I hate it. Sometimes, I wish that I had the ability to just run away.
But then, I look up while I’m walking the dog in the middle of the night… and I know I’ll never see such bright and beautiful stars anywhere else in the world.
And that makes all the rest worth it.
Crunchy Betty
Seriously. It sounds EXACTLY like the town I grew up in. My thing, in that small town, was taking walks at the crack of dawn out amongst the wheat and sunflower fields.
It’s so true. Wherever YOU go, there YOU are. So make the most of wherever you are.
LOVE your comment, by the way. It’s so very poetic. You should blog it.
Vanessa
I don’t think I could ever manage to get myself up at the crack of dawn for anything, ha ha. BUT, my back porch has seen some very beautiful sunsets in years past. Oh, and in the spring and early summer, the storms leave the most wonderful petrichor you’ve ever smelled in your life. I wish I could bottle it, and spray it around my room.
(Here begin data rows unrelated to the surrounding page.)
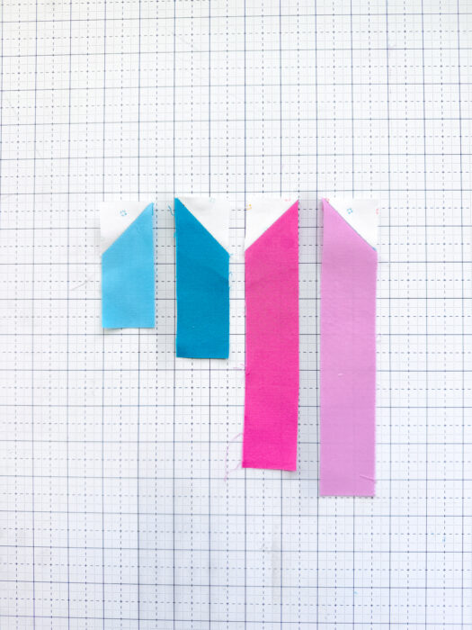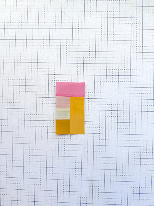 Before we can assemble Unit 3, we need to add a few background pieces onto some of the strips we'll be sewing together to give our heart some cute detail.
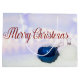 Blaue und weiße Weihnachtsbälle mit Schnee.
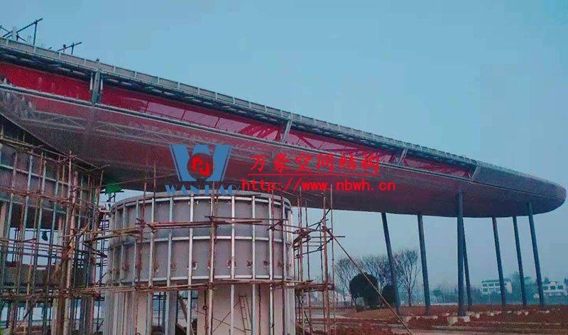 厚實的曲面屋蓋猶如航船底部沉重而又穩(wěn)定前行,船體的側(cè)身內(nèi)部選用了紅色的網(wǎng)格織物膜、外表皮選用了銀色網(wǎng)格織物膜猶如船體本身的防腐耐用與裝甲安全真實效果。主體頂部屋面選用ETFE材料通透明亮,結(jié)合LED燈光在夜幕中可以發(fā)散夜明珠般的光亮。四周肩部選用了銀色防水膜猶如船身防護(hù)層厚實穩(wěn)重,中間保衛(wèi)室的設(shè)計猶如船身部位船艙敞亮實用。
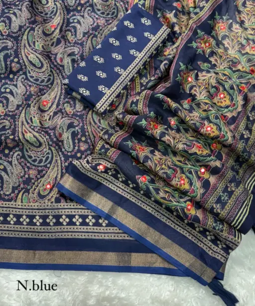 | Pattern | 1- morror work in full saree, 2 – Ajrakh Printed saree with zari jacquard border, 3- Tussles in pallu |

Ha ha, I do have a blog on my site, but I don’t update it too often, but perhaps I’ll throw something in sometime this weekend.
Dakotapam
I love this!
We lived in a tourist town for 7 years. I remember the getting annoyed. We called tourists “foreigners” under our breath.
This week we vacationed in another tourist town. My son said he wanted to live there some day, it was so awesome. I pointed out that he used to live in a town just like it. . .he asked “when?”.
Perspective. It’s a good thing.
Crunchy Betty
Your comment made me think of how we used to live in Kansas, and my mom would say how boring and not-pretty it was. But I was so in love with it. Sunrises over wheat fields are one of the most beautiful things a person could ask to experience.
Ah. Beauty is in the eye …
Lula Lola
I love this so much! We spend our summer in a beach town and it is crawling with tourists. Especially this fourth of July week. But, it’s still beautiful and fun and awe inspiring. I’m glad you slowed down to notice. This is a lesson I’m forever trying to teach my kids. Slow down, breathe, enjoy things and people and places. Great post!
Did I tell you that I’ve taken my kids out of school, enrolled them in online school and am taking the show on the road next year? Not sure where our travels will take us, but we’re shooting for full blown adventure. I’ll be sure to protect my boobs from the locals!
Crunchy Betty
Oh. No. Way. When I read this, I totally got goosebumps. I am SOOOOO happy for you and proud of you! You and your kids are going to rock the “real world” learning world.
Plus, your adventures will make the best blog ever. You’re still planning on blogging through it, right?